Учитывая всё это, а также практическую нереализуемость попыток депортации большинства зарубежных видов, с присутствием этих мигрантов следует смиряться более или менее сразу. В этом явно больше смысла, чем участвовать в ведущихся уже тысячелетия спорах на данную тему во имя некой идеализированной, прежней версии мира природы.
Пути назад нет, потому что постоянно возникают совершенно новые виды, особенно в процессе гибридизации перевезённых видов. В Великобритании за последние три века появилось больше новых, гибридных видов растений, например, спартина (cord grass) или эритрина (monkey flowers), чем исчезло во всей Европе за тот же период (по данным наблюдений).
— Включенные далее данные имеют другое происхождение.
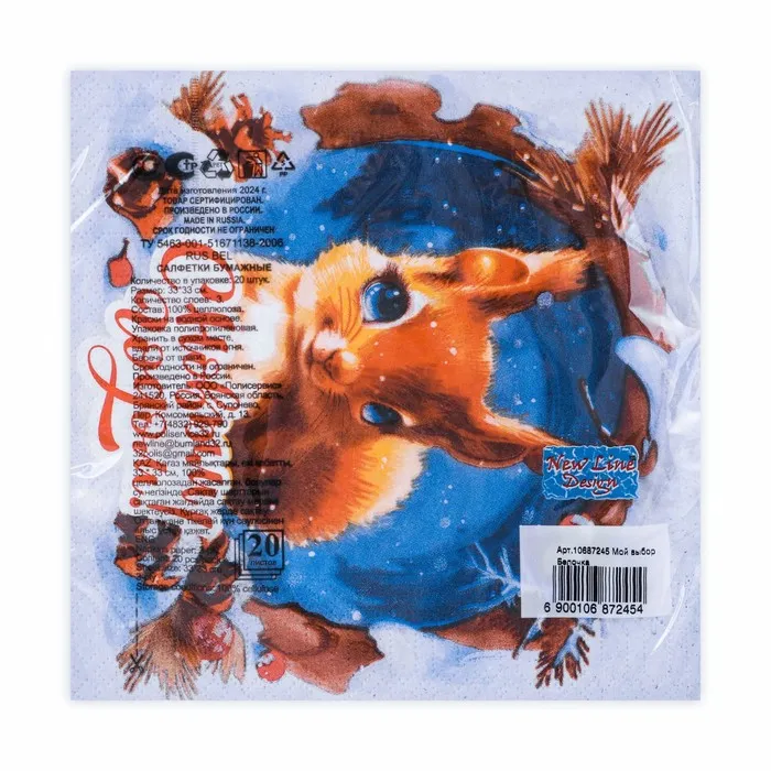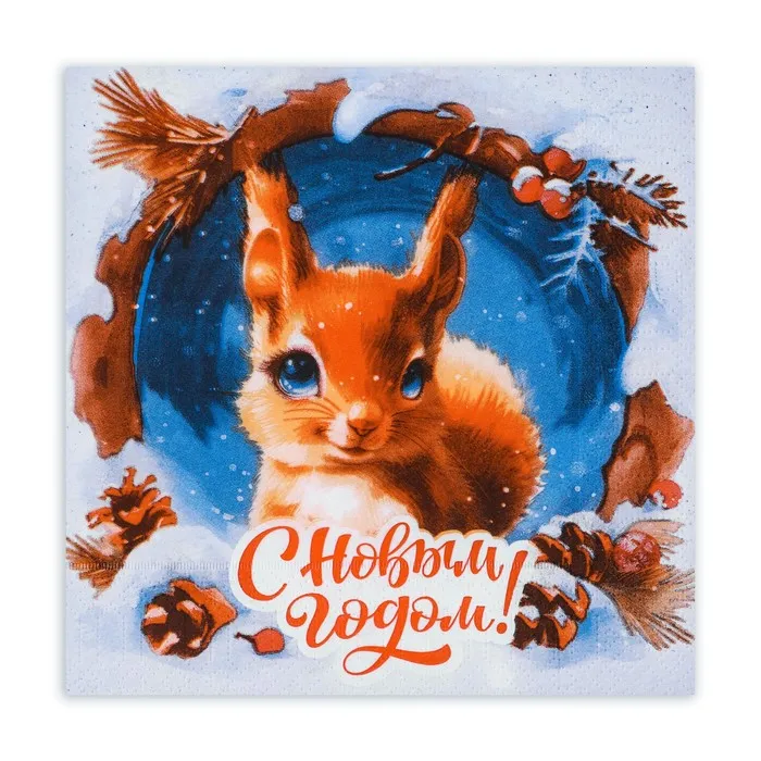 Новогодние бумажные салфетки с рисунком "Белочка" - это отличное украшение для вашего праздничного новогоднего стола. Идеально подойдут как для сервировки, так и в качестве декора и украшения как в домашних условиях, так и на больших праздничных мероприятиях. Салфетки с уникальным рисунком будут хорошим подарком для родных и близких. Данные салфетки можно использовать так же для декупажа и коллажей.

Такая же ситуация и в Северной Америке.
Подобная эволюция новых видов, связанная с человеком, означает, что в эпоху антропоцена мы, по сути, являемся создателями нового биологического разнообразия, равно как и разрушителями старого. Мы уже не просто зависим от планеты; теперь мы её сами формируем.
Понимая это, мы должны, конечно, сопротивляться изменениям, которые являются однозначно «плохими». Но когда речь заходит о биологических изменениях, которые дают возможность видам приспособляться к переменам в окружающей среде, а это процесс, благодаря которому видам и удаётся выживать, мы должны демонстрировать более примирительные и даже проактивные подходы.
В новой книге «Наследники Земли: Как природа процветает в век исчезновения» я доказывают, что мы живём в «новом мире природы». Им по-прежнему движет та же самая экологическая и эволюционная динамика, как и раньше. Разница в том, что теперь эта динамика определяется в основном деятельностью популяции людей, достигающей сейчас 7,6 млрд человек (и продолжающей расти). Виды растений и животных будут попадать в новые природные условия, создаваемые человеком, и эволюционировать рядом с нами. Мы должны позволить им это. А может быть, мы даже должны им помочь.